ResponsiveTextField - a better SwiftUI text field

CI GitHub license

This library aims to achieve one goal, which is provide a reasonably flexible and useful SwiftUI wrapper around UITextField that provides more control over it's first responder status, one of the most glaring omissions from SwiftUI's native TextField even in iOS 14.

Features

At a high level, it provides the ability to:

  • Use of SwiftUI bindings to capture entered text and control the text field's first responder status.
  • Observe and react to the text field's first responder status.
  • Set the text field's placeholder.
  • Enable secure text entry.
  • Easily handle return key and delete key taps with a simple callback.
  • Style the text field using SwiftUI-style view modifiers.
  • Support for enabling and disabling the text field using the SwiftUI .disabled view modifier.
  • Configure the properties of the underlying text field using a composable text field configuration system.
  • Control over how and when text changes should be permitted.
  • Control over if the text field should begin or end editing.
  • Customise which standard edit actions are available (e.g. copy, paste).
  • Override and customise the handling of standard edit actions.

The following features are not currently supported:

  • Control over how text should be cleared.
  • Managing the text selection.
  • Any of the built-in attributed string supporting APIs.

Most UITextField APIs that are not exposed directly can be managed using the text field configuration system.

Installation

The library is made available as a Swift package and can be added to your project using Xcode's built-in package management tools.

Usage

API Documentation

Getting Started

To use ResponsiveTextField you will need to provide it with, at a minimum, a placeholder string and a Binding<String> to capture the text entered into the text field.

struct ExampleView: View {
  @State var email: String = ""

  var body: some View {
    VStack {
      ResponsiveTextField(
          placeholder: "Email address",
          text: $email
      )
    }
  }
}

Out of the box, ResponsiveTextField will fill the width of it's container and will not expand if text overflows the available space.
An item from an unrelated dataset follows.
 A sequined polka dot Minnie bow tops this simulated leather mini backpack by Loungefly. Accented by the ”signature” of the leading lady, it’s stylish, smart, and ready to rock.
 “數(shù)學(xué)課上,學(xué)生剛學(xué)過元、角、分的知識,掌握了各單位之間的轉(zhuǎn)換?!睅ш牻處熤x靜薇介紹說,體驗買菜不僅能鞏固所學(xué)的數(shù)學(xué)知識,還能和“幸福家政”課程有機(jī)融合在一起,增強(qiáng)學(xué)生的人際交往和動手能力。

It will also try and fill the height of its container - you can fix its height to its intrinsic content size using the .fixedSize modifier:

ResponsiveTextField(
    placeholder: "Email address",
    text: $email
)
.fixedSize(horizontal: false, vertical: true)

As the user types in the field, it will update the state that the binding was derived from.
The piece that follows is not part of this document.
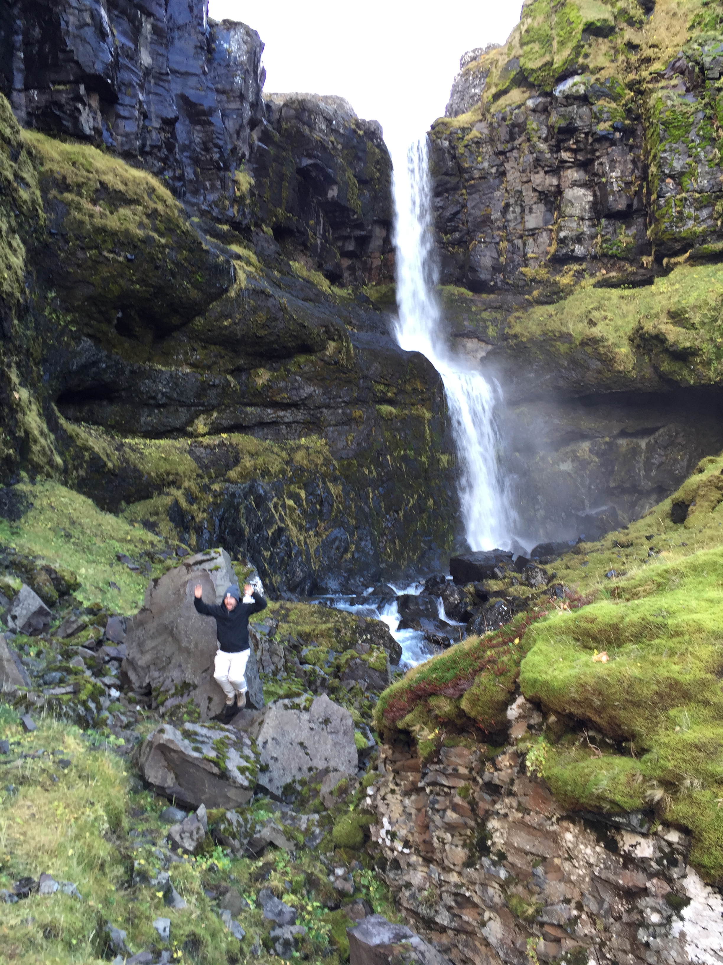 Drew, Lindsey and I set out to explore the Snæfellsnes Peninsula. Using the notes I could jot down from Kathy, and the Drive it Yourself Map from www.IheartReykjavik.com, we set out for an adventure. What a day this was. The scenery was beautiful. Thankfully I was driving because I stopped the car no less that 821 times to take a picture. It was like you saw something and thought, nothing could be more beautiful than this spot. And you kept thinking that until exactly 7 seconds later when you saw something more stunning. The worst part of that trip was when a car was behind me or I was on a bridge and couldn’t stop the car in the middle of the road for a photo! We hit a few of the must do spots, with a 6 hour round trip drive without stops, we knew we wouldn’t be able to see everything on everyone’s lists. But for me, the most magical part of the trip was finding the double waterfall. Don’t ask me where we were, don’t ask me how to get back there, but somewhere between the Crater and Kirkjufell there is this little spot between a sheep farm and a sheep farm where you can climb into the waterfall. It wasn’t on the map, or a list, or suggested at the visitor center (we needed a bathroom…stat!), or by Kathy. There were no plans to see it. We just stumbled upon it. So it was ours. We made our own way.

You can enable secure text entry by passing in the isSecure property:

ResponsiveTextField(
    placeholder: "Email address",
    text: $email,
    isSecure: true
)

The isSecure property can be updated when the view is updated so it is possible to control this via some external state property, i.e. to dynamically enable or disable secure text entry.

Disabling the text field

You can disable the text field using the standard SwiftUI .disabled modifier:


ResponsiveTextField(
    placeholder: "Email address",
    text: $email
)
.disabled(true)

This uses the SwiftUI Environment system so it does not need to be called directly on the ResponsiveTextField element itself - you can also attach it to any parent view.

The disabled state can be updated and the text field will update it's state accordingly. This means you can use an @State variable to control the disabled state. No binding is required for this.
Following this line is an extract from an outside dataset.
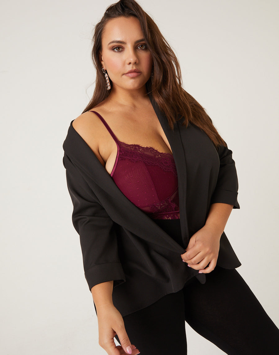 Sexy, sultry, and sheer, the Plus Size Sheer Lace Bodysuit is a killer piece that gives off all the flirty vibes. Wear it under an oversized blazer for a trendy, seductive look.

Disabling the text field will make it ignore any taps and will also resign the first responder status if the user was editing when it is disabled.

Customising the text field appearance

You can control the appearance of the text field, including it's font, text color, text alignment and return key type using custom view modifiers. These modifiers also use the Environment system so can be called on any container view as well as the text field itself. Note - these modifiers take UIKit values for fonts and colors, not SwiftUI values:

/// Sets the return key type
textField.responsiveKeyboardReturnType(.next)

/// Sets the text color
textField.responsiveTextFieldTextColor(.red)

/// Sets the font
textField.responsiveTextFieldTextColor(.preferredFont(forTextStyle: .headline))

/// Sets the text alignment
textField.responsiveTextFieldTextAlignment(.center)

Advanced re-usable configuration

For more detailed configuration, you can pass a ResponsiveTextField.Configuration value to the initialiser. This is a value type that takes a single argument, a closure of (UITextField) -> Void. This allows you to have full control over the properties of the UITextField.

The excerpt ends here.